Ask Paul: We're stood down, should we access super to buy property?
My husband and I are nearly 50 and were recently stood down from our jobs.
We have income from two rental properties ($3200 a month) and have $200,000 in savings.
My super is about $100,000 and my husband's is about $50,000.
Should we withdraw $20,000 each from super from the early release scheme this time around? And then should we buy another house for rental income? - Quyen
I am very sorry to hear that you and your husband have been stood down, Quyen. I hope that this situation resolves itself as the economy starts to recover.
That it will recover is, in my opinion, quite certain. But the timing is very uncertain. Based on all the uncertainty around us, I feel economic growth will take longer than we all hope.
What does cheer me up, though, is that you don't have to take money out of super to survive. If so, that would be fair enough, but you are looking to use the money to buy another property, so the debate we need to have is property versus super.

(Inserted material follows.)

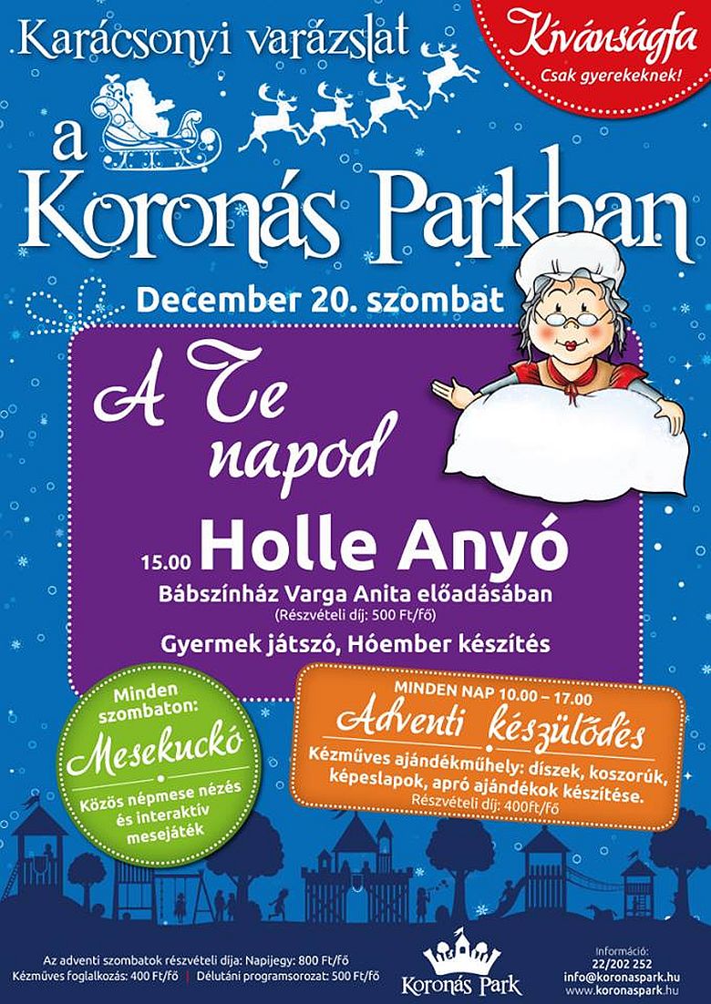 Advent utolsó, negyedik hétvégéjén is sok érdekességgel várják az érdeklődőket a fehérvári Koronás Parkban. December 20-án, szombaton Varga Anita előadásában láthatják a programon résztvevők a Holle Anyó című bábelőadást. A délután 15 órakor kezdődő eseményen 500 Forintos jegy megvásárlásával lehet részt venni. Ezen kívül kézműves foglalkozásokat és interaktív mesejátékokat is szerveznek a Koronás Parkban. A vasárnapi adventi gyertyagyújtásra 16 órakor kerül sor.

Here I am going to argue firmly that you should leave your money in super. This is for a few reasons.
First, I suspect that as well as your two rental properties you own a home, so you have most of your wealth tied up in property. Second, super gives you exposure to a great mix of assets, all over the planet.
Finally, just look at super returns over the decades. A typical balanced fund has returned over 8%pa. And these returns are generated in a very low-tax environment
It is your money, so your choice. But I feel that super spreads your risk away from property. Property may well outperform super or super may outperform property.
That, however, is not the point.
I have no problem with quality property in a growth location as a long-term investment, but diversification is a key investment concept and I really would prefer you to spread your risk.